It would be useful to mention that when the References field gets too long
it MAY be pruned (the minimum requirement being to retain the first and
the last two entries - including the one just being added). I have known
of cases where References fields grew to such a length (and MUAs in the
followup chain had failed to introduce folding, or even removed folding
already present) that the 998 limit was breached with disastrous
consequences.


Adding such a suggestion would be fine with me were it not for the context of
this effort - every such change increases the likelihood of a problem getting
to draft.

  The message identifier (msg-id) itself MUST be a globally unique
  identifier for a message.  ...

It would be useful to say here that two msg-ids can always be compared for
equality by a simple octet-by-octet comparison (but, of course, one would
first have to ensure that property was true).

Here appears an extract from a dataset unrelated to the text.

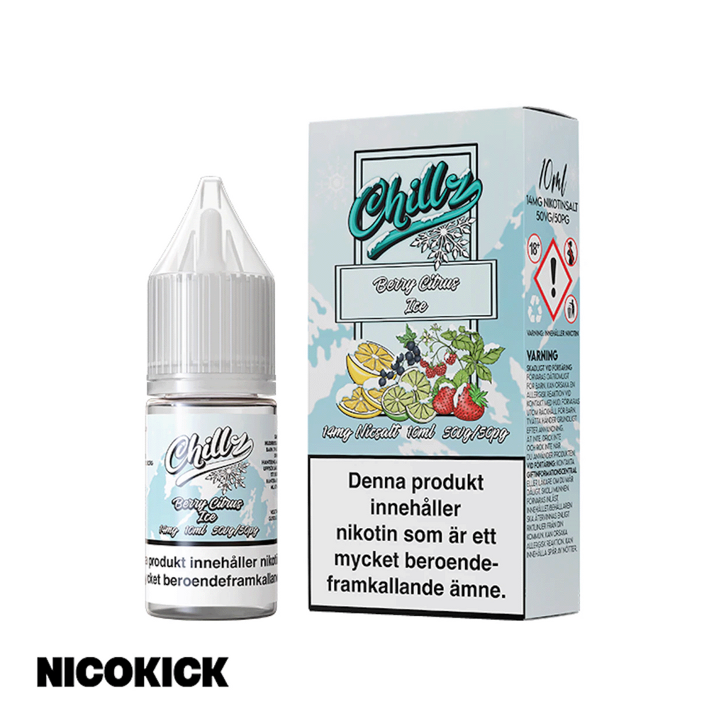 10ml Nic Salt E-juice 14mg från Chillz med smak av blandade bär, citrusfrukter och cooling.

But that's exactly the problem, isn't it? The property is NOT guaranteed
at the present time.

  .....  Since the msg-id has
  a similar syntax to addr-spec (identical except that comments and
  folding white space are not allowed), a good method ...

                       ^
           and quoted-strings
          (as already noted)


Seems OK to make this change.

3.6.5.  Informational fields

  The informational fields are all optional.  The "Subject:" and
  "Comments:" fields are unstructured fields as defined in section
  2.2.1, and therefore may contain text or folding white space.  The
  "Keywords:" field contains a comma-separated list of one or more
  words or quoted-strings.

That last sentence is redundant, because a <word> cam already be a
<quoted-string>.


The problem is that it isn't clear whether this refers to the generic idea of a
word or the specific ABNF production for word. So, while it may be somewhat
redundant, I thknk it is actually clearer the way it is.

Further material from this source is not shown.